Seit 2007 sind solche Standardqualitätsreports von der American Heart Association für die gesamte Industrie vorgegeben.

Wie ein kardiales Implantat entsteht: der Film

Die Geschichte von Medtronic, die der Film über die Produktion von kardialen Implantaten kurz anriss, begann 1949 wie so viele US-amerikanische Gründungsgeschichten in einer Garage. Die Garage von Earl Bakken und seinem Schwager Palmer Hermundslie stand in Minneapolis, wo sie sich auf die Reparatur medizinischer Elektronik spezialisierten und das Unternehmen Medtronic nannten. Als Medtronic 1996 den ersten implantierbaren Kardioverter-Defibrillator einführte, war das Unternehmen längst zu einem weltweit operierenden Konzern herangewachsen.

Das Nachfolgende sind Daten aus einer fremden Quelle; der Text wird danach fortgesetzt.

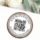 Coluna redonda com seu código QR e texto personalizado em uma fonte serif elegante. À volta está um grão de madeira marrom, borda dupla. Altere as cores das fontes, mova e redimensione os elementos com a ferramenta design.
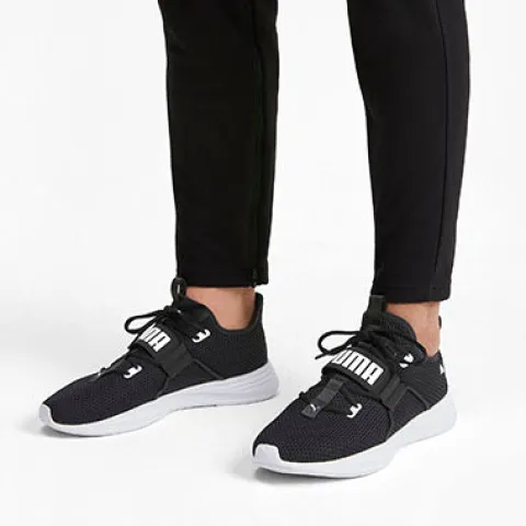 Smart Persist XT Knit sko med en overdel af striktekstil dekoreret med Puma-logo, en ikkejusterbar elastiksnøre samt en bred elastikrem med logo over vristen. Skoen er en slip on-model, og en trækfane foran gør det nemt at træde i skoen. SoftFoam-indersålen er blød og komfortabel, og den fleksible ydersål er stødabsorberende med et fint fodfæste.
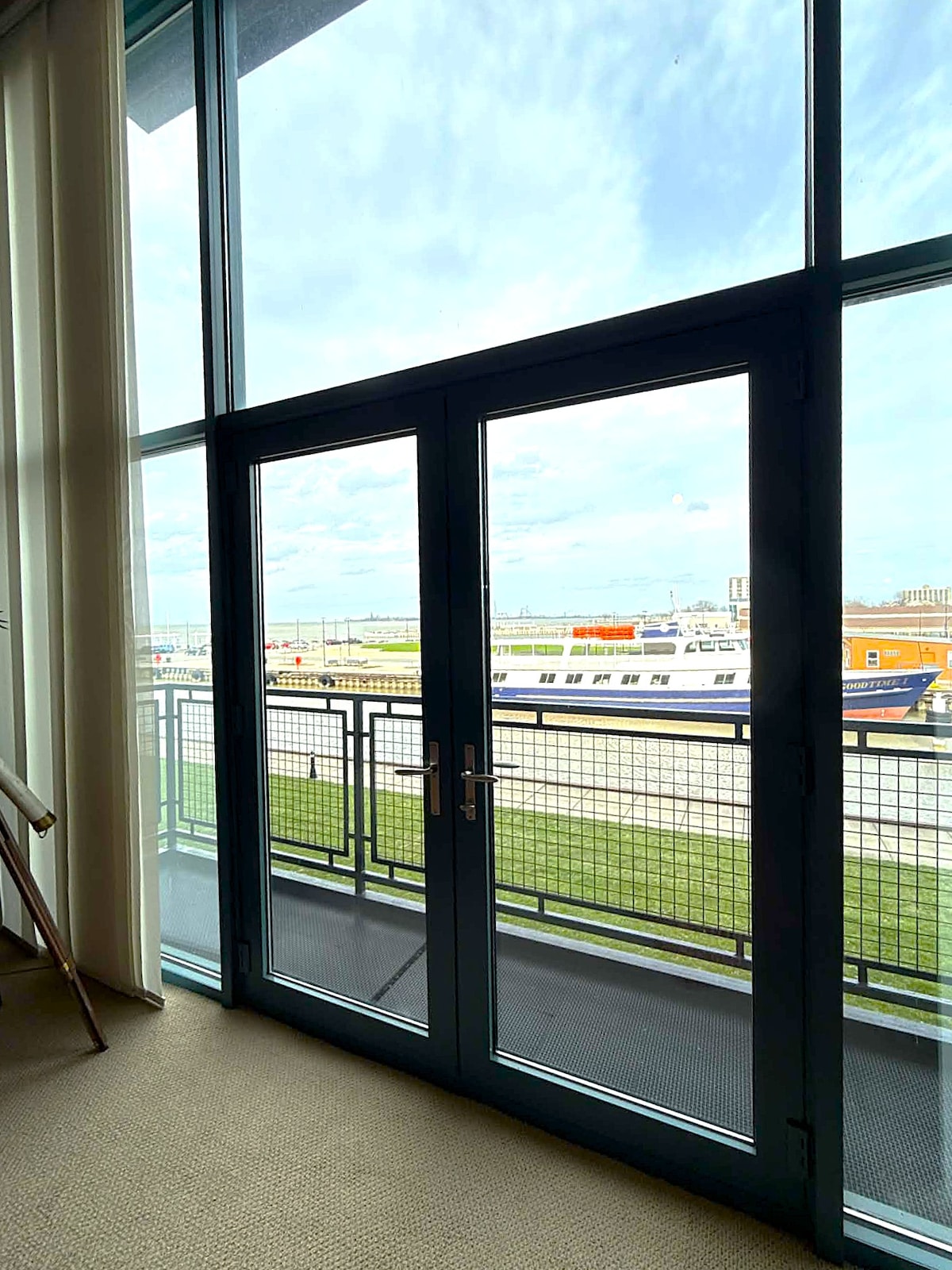 Newly renovated water front condo in downtown Sandusky. Only a few minutes walk to all the downtown restaurants and bars. The Jet Express, which can take you to the islands, is just next door, and Cedar Point is just a 5 minute drive. Condo is furnished with 2 queen size beds, 2 bathrooms, and a large sofa. The property has a large pool. Netflix and Disney streaming services are available on the TV. Security cameras are present in parking lot, pool, lobby & hallways.
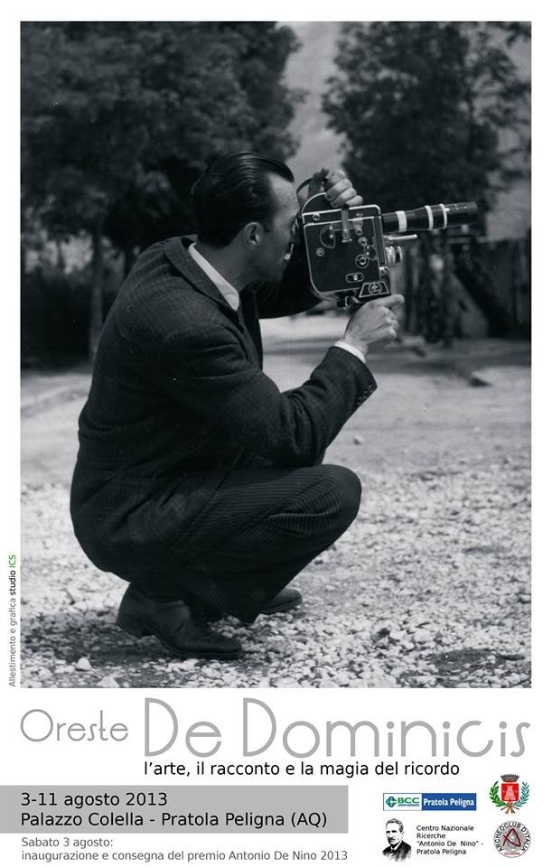 "L'ARTE, IL RACCONTO E LA MAGIA DEL RICORDO": RETROSPETTIVA DEL FOTOGRAFO DE DOMINICIS. Sabato 3 agosto, alle ore 18:00, nei locali il Palazzo Colella a Pratola Peligna verrà inaugurata la mostra "Oreste De Dominicis, l'arte, il racconto e la magia del ricordo" dedicata al lavoro fotografico e figurativo dell'artista pratolano. Nel corso dell'inaugurazione verrà consegnato al fotografo l'edizione 2013 del premio "Antonio De Nino" istituito dal Centro Nazionale Ricerche "Antonio De Nino".
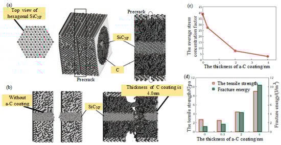 The effect of amorphous carbon interfacial layer thickness on the fracture mechanical behavior of SiCNF/SiC composites through MD calculations studied by Li et al. [68]: (a) Atomic configuration of SiCNF/SiC nanocomposite with predefect in matrix; (b) atomic configuration of fracture surface in SiCNF/SiC nanocomposite with C coating in different thickness; (c) the average stress concentration factor of SiCNF vs. the thickness of C coating; (d) the tensile strength and fracture energy of SiCNF/SiC nanocomposite as a function of the thickness of C coating.
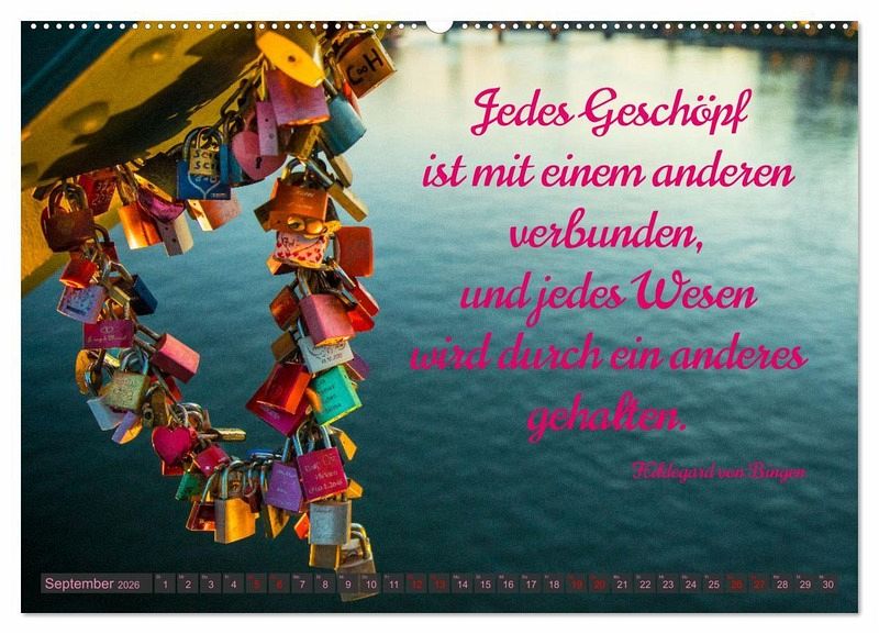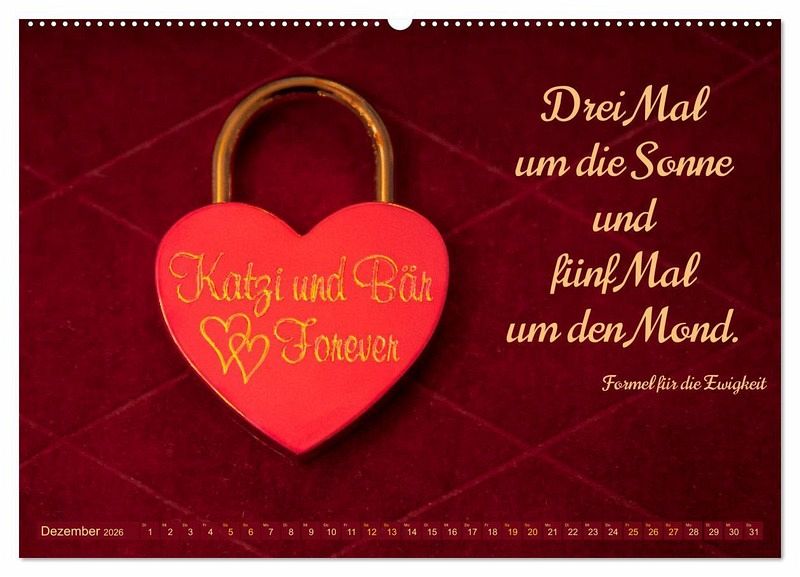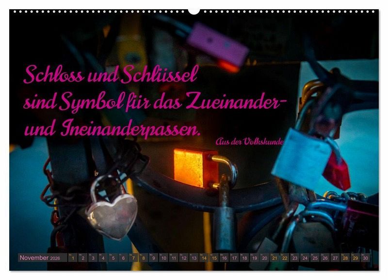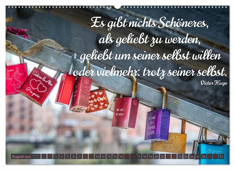 Endlich: Der Kalender für den Kult um die künstlerisch gestalteten Vorhängeschlösser als Zeichen der Liebe. Während die Schlösser Symbol für ewige Verbundenheit sind, stehen die Brücken, an die sie meistens gehängt werden, für die Vereinigung vormals getrennter Welten. Den Kalender zieren neben brillanten Fotografien von Liebesschlössern passende Liebeszitate und Sprüche. Damit wird er zum perfekten Präsent für alle Liebenden und ist eine Liebeserklärung der besonderen Art.
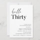 Hello Thirty Modern White Minimalist 30th Birthday Invitation
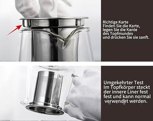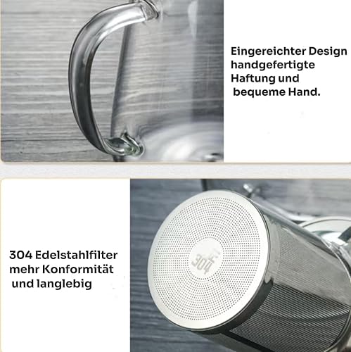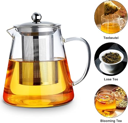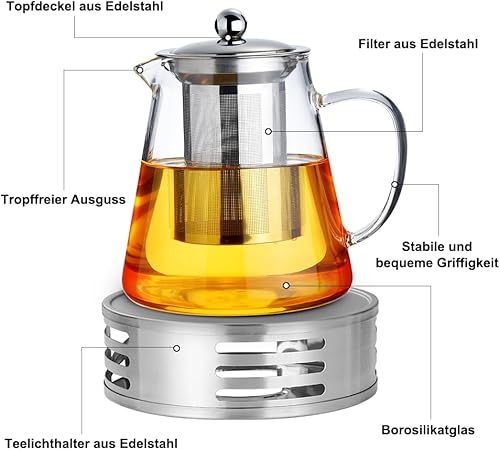 CEWROM Théière en Verre Borosilicate avec Infuseur et Réchaud - Service à Thé pour 4 Personnes - 1,3 L - Transparent
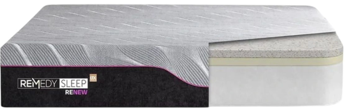 Experience enhanced rejuvenation with the Remedy Sleep Renew 11" Latex Foam Mattress. Crafted with sustainable Talalay latex and a triple-layer of copper-infused air foam, this mattress offers optimal cooling, supports proper spinal alignment, and alleviates pressure points for a superior sleep experience.Read More
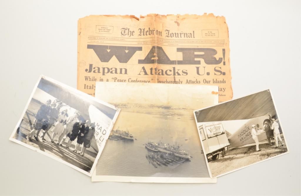 Misc. lot of WW II collectibles including a paper Model B-17 F-G Flight Computer, a German propaganda booklet entitled “Das Neue Reich” (The New State) with dozens of photos of nazi figures and events; photos of wartime ships, a Dec. 11, 1941 newspaper with headline “WAR” and a nazi flag with small nazi pendant both appearing to be possible soldier bring backs. Est.: $100-$200
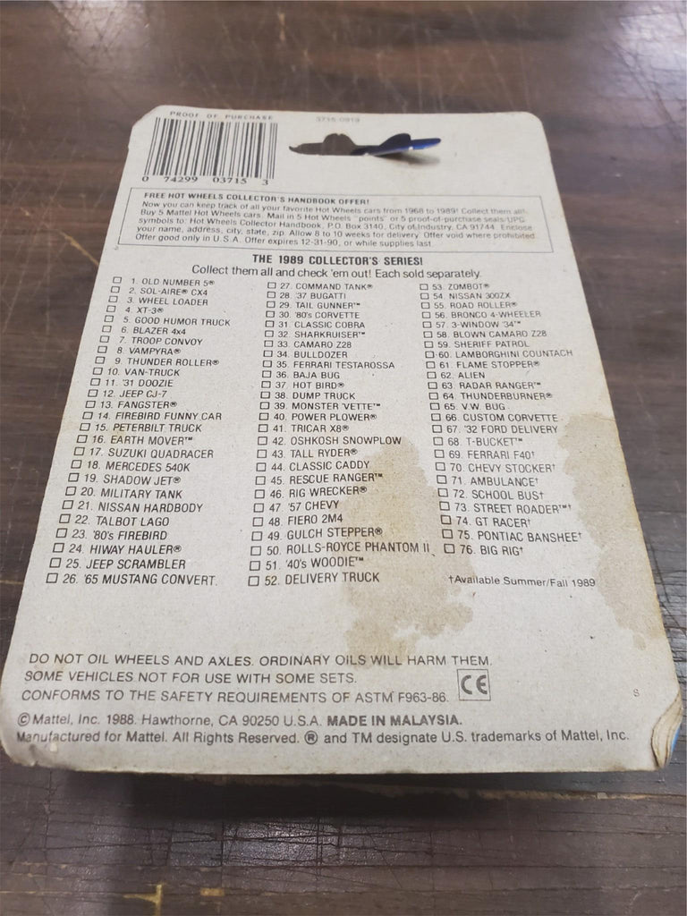 VTG hotwheels mattel brand diecast eartch mover toy car 1988 unopened in box
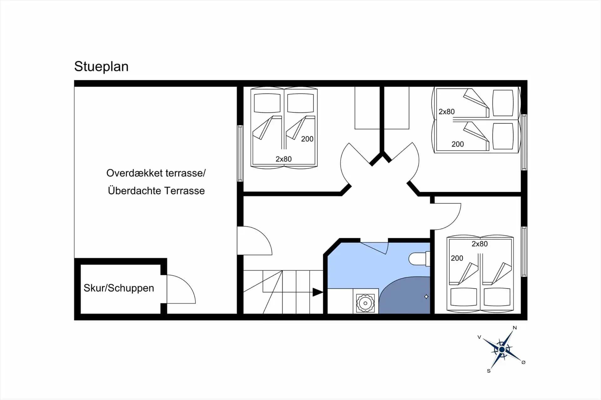 Das Ferienhaus empfängt dich mit einem schönen, offenen Wohnbereich, in dem Küche und Wohnzimmer miteinander verbunden sind. Hier spürst du die Ruhe sofort, sobald du eintrittst. Der herrliche Lichteinfall durch die großen Fensterfronten verleiht dem Raum Leichtigkeit, und du kannst dir leicht vorstellen, wie die Morgensonne auf den Esstisch fällt, während der Kaffee in der Tasse dampft. Die offene Küche macht es einfach, gemeinsam zu kochen – ganz gleich, ob ein leichtes Mittagessen oder ein gemütliches Abendessen nach einem Tag am Meer auf dem Plan steht. Die drei Schlafzimmer liegen praktisch im Haus verteilt, und zusätzlich gibt es einen großen Hems, in dem du die echte Ferienhausatmosphäre in vollen Zügen spüren kannst. Hier oben können die Kinder ihr eigenes kleines Reich haben – oder die Erwachsenen können sich für einen ruhigen Moment zurückziehen. Das Badezimmer ist geräumig und gepflegt, und insgesamt erwartet dich eine Einrichtung, die zu Entspannung und Nähe einlädt.
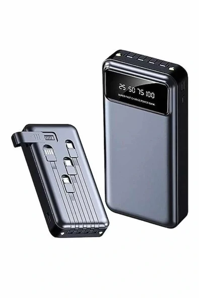 20000 mAh Powerbank | Çok Kablolu, Dijital Göstergeli, Yüksek Hızlı Şarj Cihazı
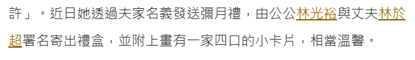 台媒指出,礼盒的署名是公公林光裕与丈夫林于超,或许这个细节又会让林依晨上热搜吧?
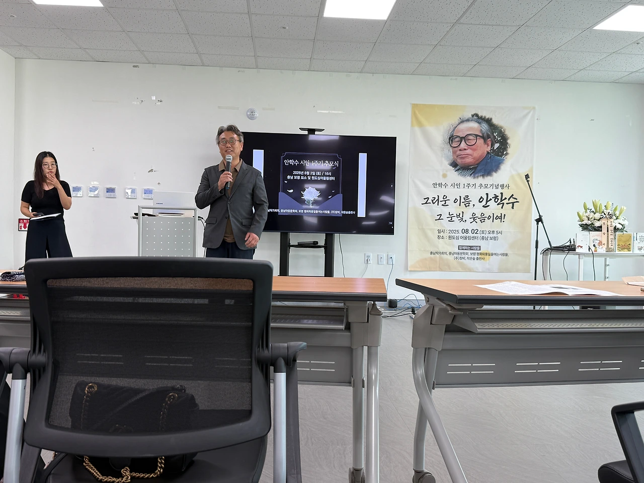 이어 원도심어울림센터에서 진행된 추모식에서는 이오우 시인의 개회사에 이어 전진영 작가의 특강이 있었습니다. 뒤늦게 동시 작가가 되고 싶어 대한민국에 있는 동시집을 거의 다 읽었노라 자부하는 전 작가는 안학수 시인의 첫 시집 『박하사탕 한 봉지』를 읽고 '시가 왜 이렇게 거칠어?'라고 생각했답니다. 하지만 혼자 노는 아이'나 '새엄마' 같은 시를 읽으면서 안 시인이 제대로 양육받지 못하는 아이들의 상황을 극적으로 보여주고 있음을 깨닫습니다. 자신도 평생 불편한 몸으로 살았던 아픈 현실 속에서도 안 시인은 아이들을 따뜻하게 품은 동시를 쓰고 있었던 것이죠. 전 작가가 편지봉투에 넣어 온 시들을 하나씩 낭독하는 시간을 가졌는데 저도 한 편을 소리 내어 읽었습니다.
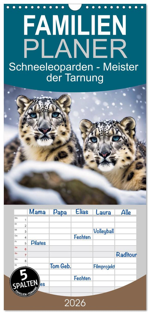 Afficher tous les détailsSchneeleoparden - Meister der Tarnung (CALVENDO Familienplaner 2026)
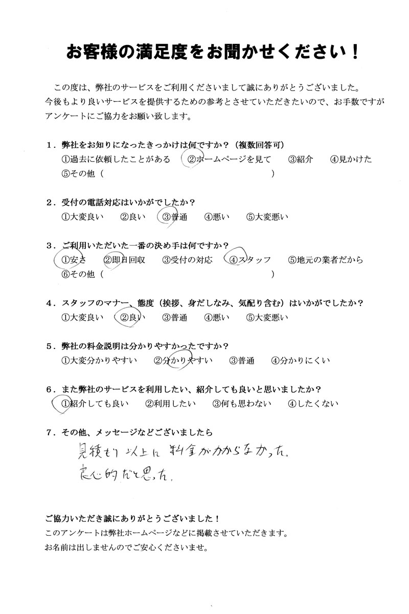見積もり以上に料金がかからなかった。
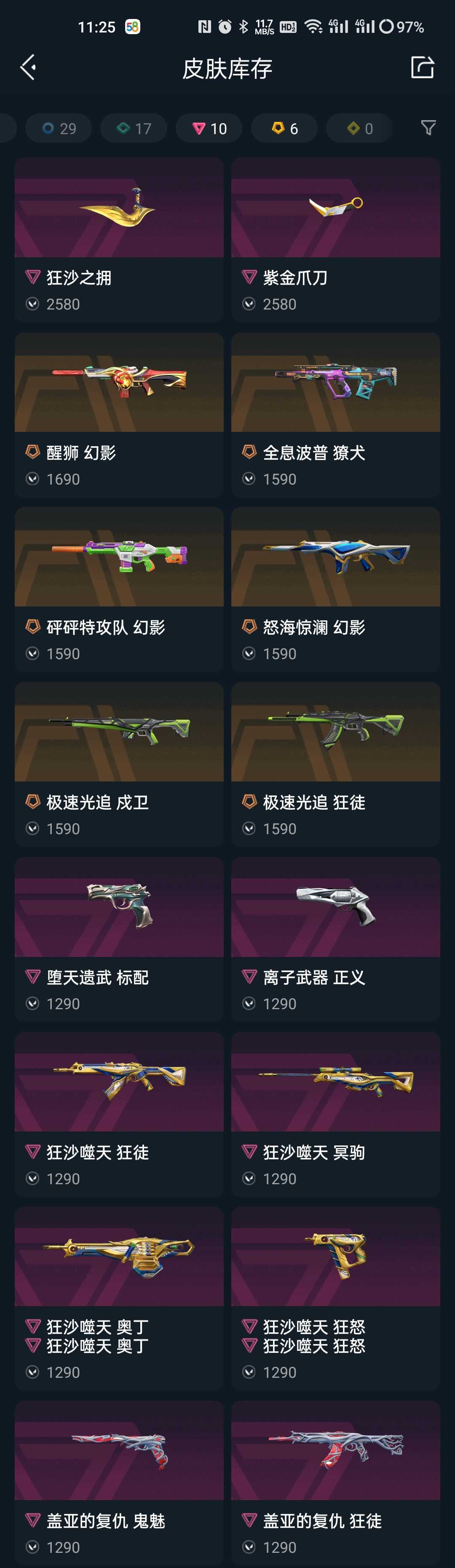 观察期紫金爪刀⭐狂沙套⭐盖亚狂徒鬼魅⭐极速光追狂徒戍卫⭐怒海惊澜醒狮砰砰幻影⭐全息獠犬⭐堕天标配离子

Die meisten Defis, die in Deutschland eingesetzt werden, produziert Medtronic in der Schweiz, einzelne Komponenten stammen auch aus anderen Ländern, allerdings nicht aus China. Das Fazit des Films: Dank der technischen Entwicklung sind zwar die Aggregate heute kleiner als früher, die Batterien langlebiger und die Funktionen vielfältiger. An der grundsätzlichen Produktion eines kardialen Implantates hat sich jedoch bis heute nicht viel geändert. Es wird immer noch geschraubt, verschweißt, getrocknet und sterilisiert, bis nach rund fünf Tagen ein Produkt entstanden ist, das später einmal Leben retten kann.

Nach einem anschließenden regen Austausch mit den Teilnehmenden bedankten sich die Vorsitzende der Defi-Liga, Angelika Däne, sowie Meeting-Moderator Georg Duchna bei Frau Sobotta für ihre höchst informativen Ausführungen.